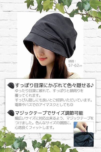 ・普段のコーデがぐっとオシャレになる、オールシーズン使える綿混製のレディース キャスケットです。この度、皆様のお声をうけて 頭囲62cmに改良しました!アジャスターで、調整していただくことにより、幅広いサイズに適応できるようになりました。ばっちりメイクしたときにも映えますが、ノーメイク隠しにとっても重宝する、気分の上がる帽子です。これからの季節、耳まですっぽり入るこちらの帽子は風が吹いても脱げにくく、デイリー使いしやすい、日よけにもピッタリなアイテムです。
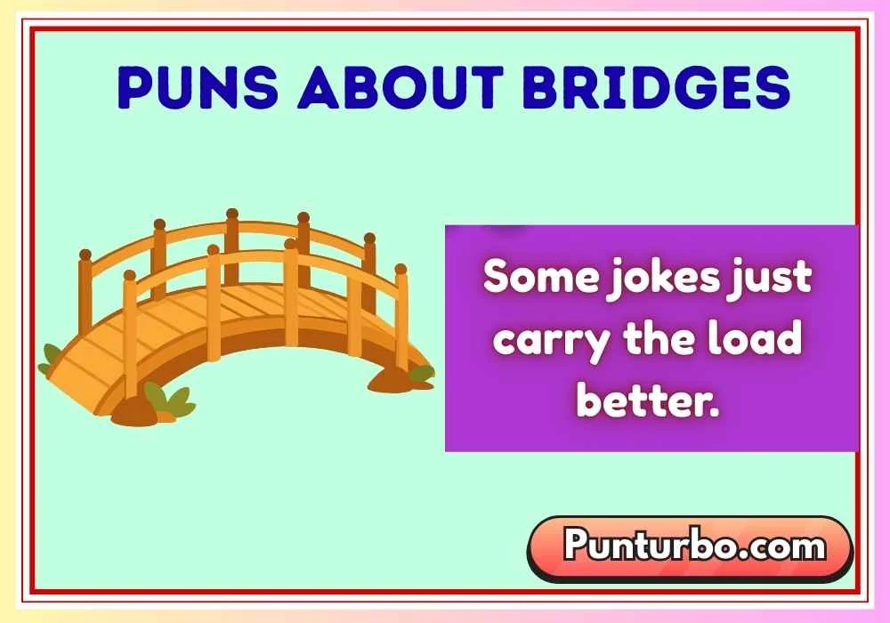 Bridge puns are jokes or wordplay based on bridges, crossing, arches, connections, and structures. They combine humor with everyday language related to bridges.
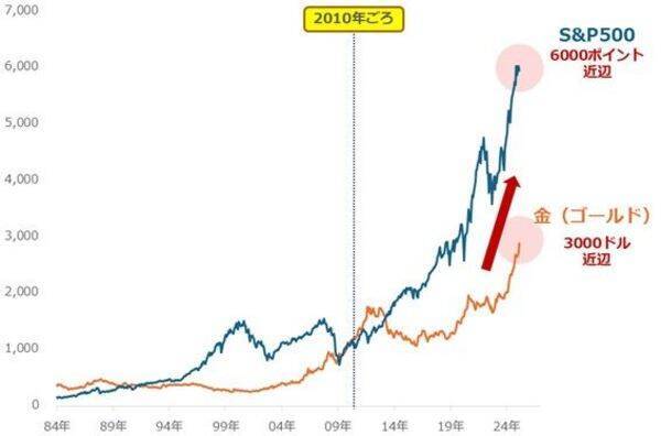 図:S&P500指数と金(ゴールド)価格の推移
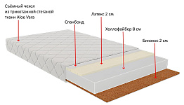 Основой матраса Vikalex Палермо 120х60х12 см является 8-ми сантиметровый слой холлофайбера. С одной из сторон матраса расположен слой бикокоса (2 см), а с другой слой латекса (2 см) и спанбонда - тонкого нетканого материала, изготовленного из полипропиленового волокна по технологии термоскрепления.
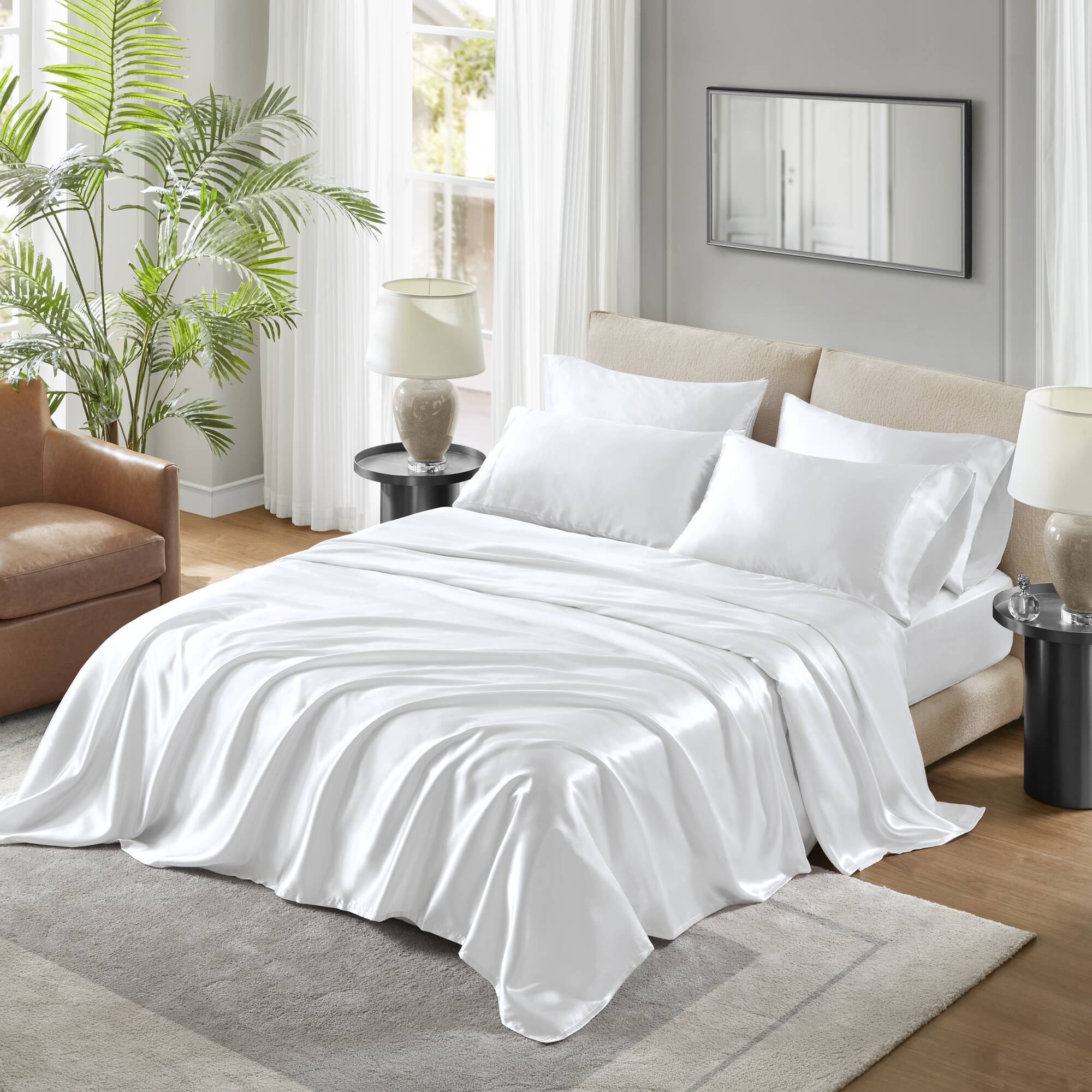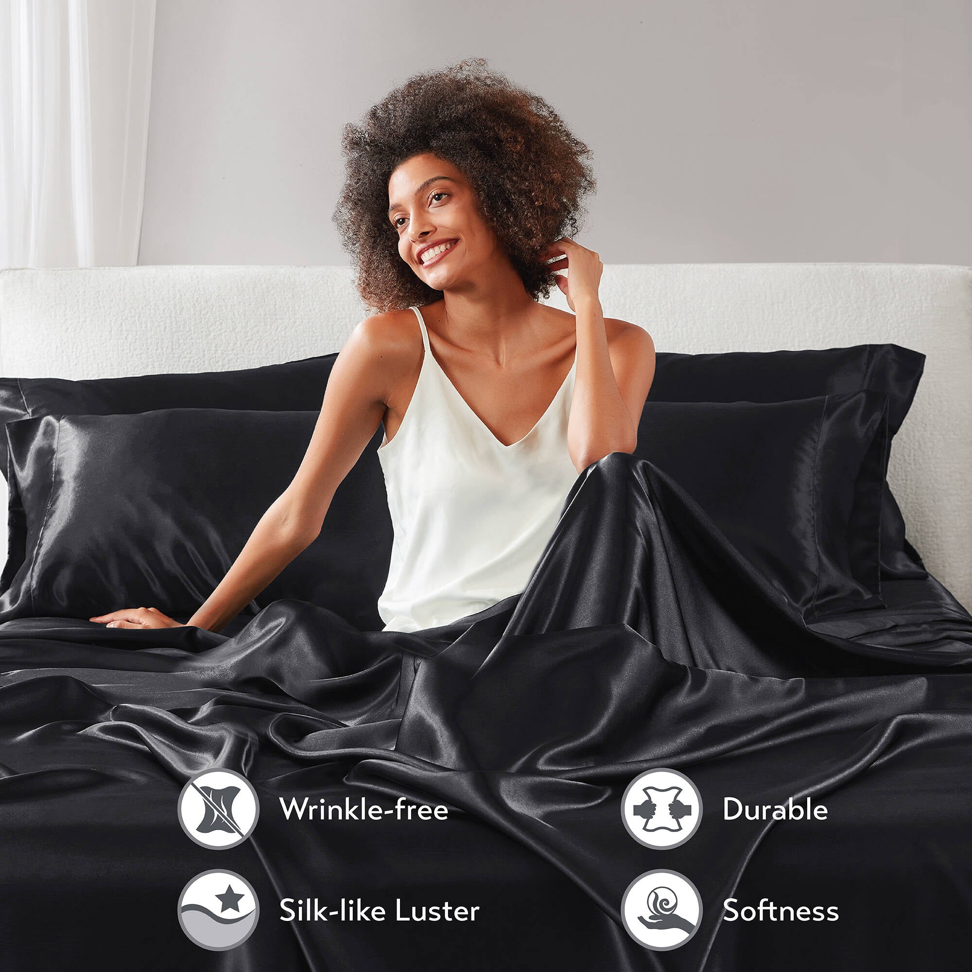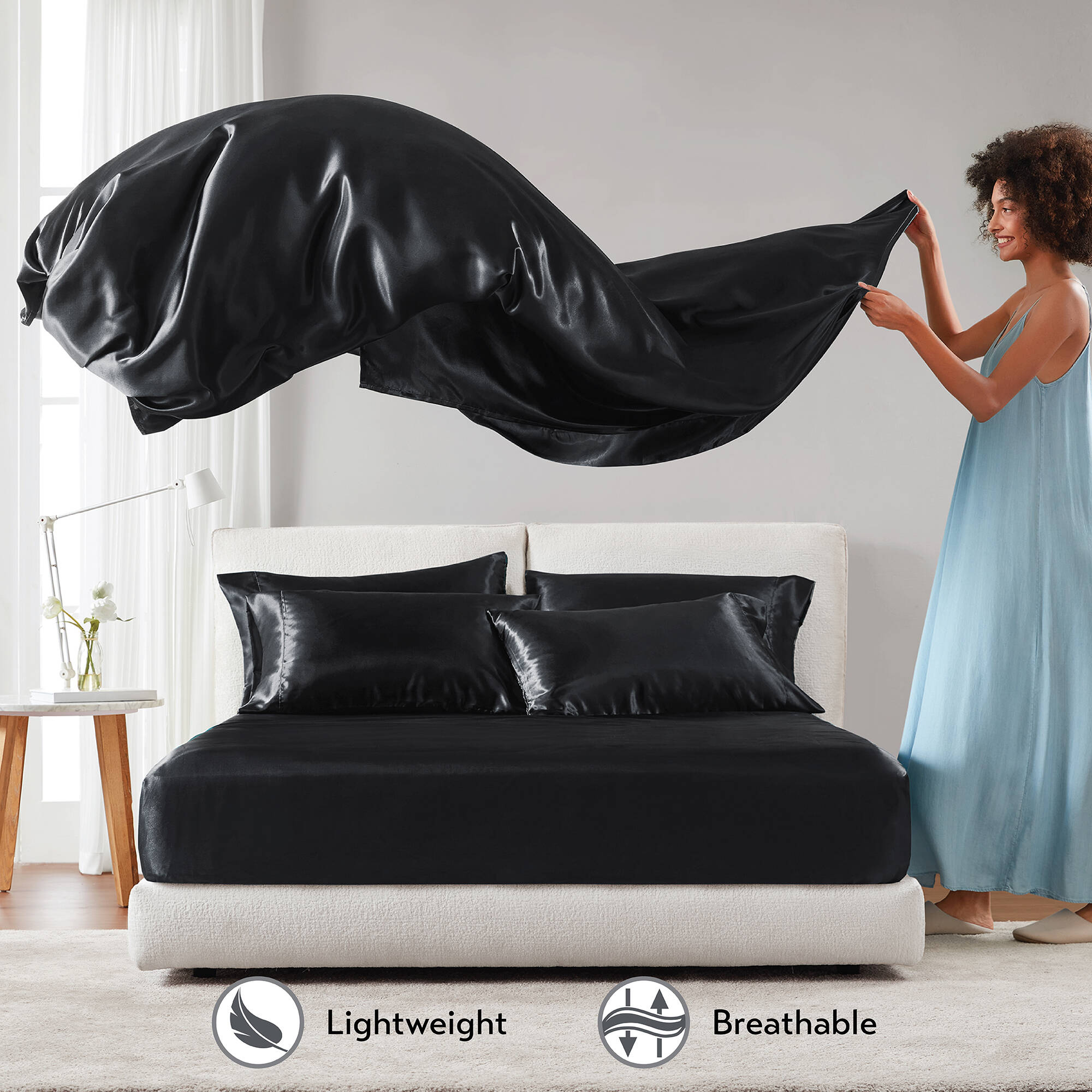 Transform your bedroom into a sleek, hotel-quality retreat with this 4-piece Twin luxury sheet set in elegant black. Crafted from smooth satin polyester for a lustrous finish and durable comfort, this complete set delivers a polished look and easy care—perfect for everyday use or special occasions.

+---+

ASSIGNMENT:
An exact restatement of every record is required. Omit the images.

SOLUTION:
 ・普段のコーデがぐっとオシャレになる、オールシーズン使える綿混製のレディース キャスケットです。この度、皆様のお声をうけて 頭囲62cmに改良しました!アジャスターで、調整していただくことにより、幅広いサイズに適応できるようになりました。ばっちりメイクしたときにも映えますが、ノーメイク隠しにとっても重宝する、気分の上がる帽子です。これからの季節、耳まですっぽり入るこちらの帽子は風が吹いても脱げにくく、デイリー使いしやすい、日よけにもピッタリなアイテムです。
 Bridge puns are jokes or wordplay based on bridges, crossing, arches, connections, and structures. They combine humor with everyday language related to bridges.
 図:S&P500指数と金(ゴールド)価格の推移
 Основой матраса Vikalex Палермо 120х60х12 см является 8-ми сантиметровый слой холлофайбера. С одной из сторон матраса расположен слой бикокоса (2 см), а с другой слой латекса (2 см) и спанбонда - тонкого нетканого материала, изготовленного из полипропиленового волокна по технологии термоскрепления.
 Transform your bedroom into a sleek, hotel-quality retreat with this 4-piece Twin luxury sheet set in elegant black. Crafted from smooth satin polyester for a lustrous finish and durable comfort, this complete set delivers a polished look and easy care—perfect for everyday use or special occasions.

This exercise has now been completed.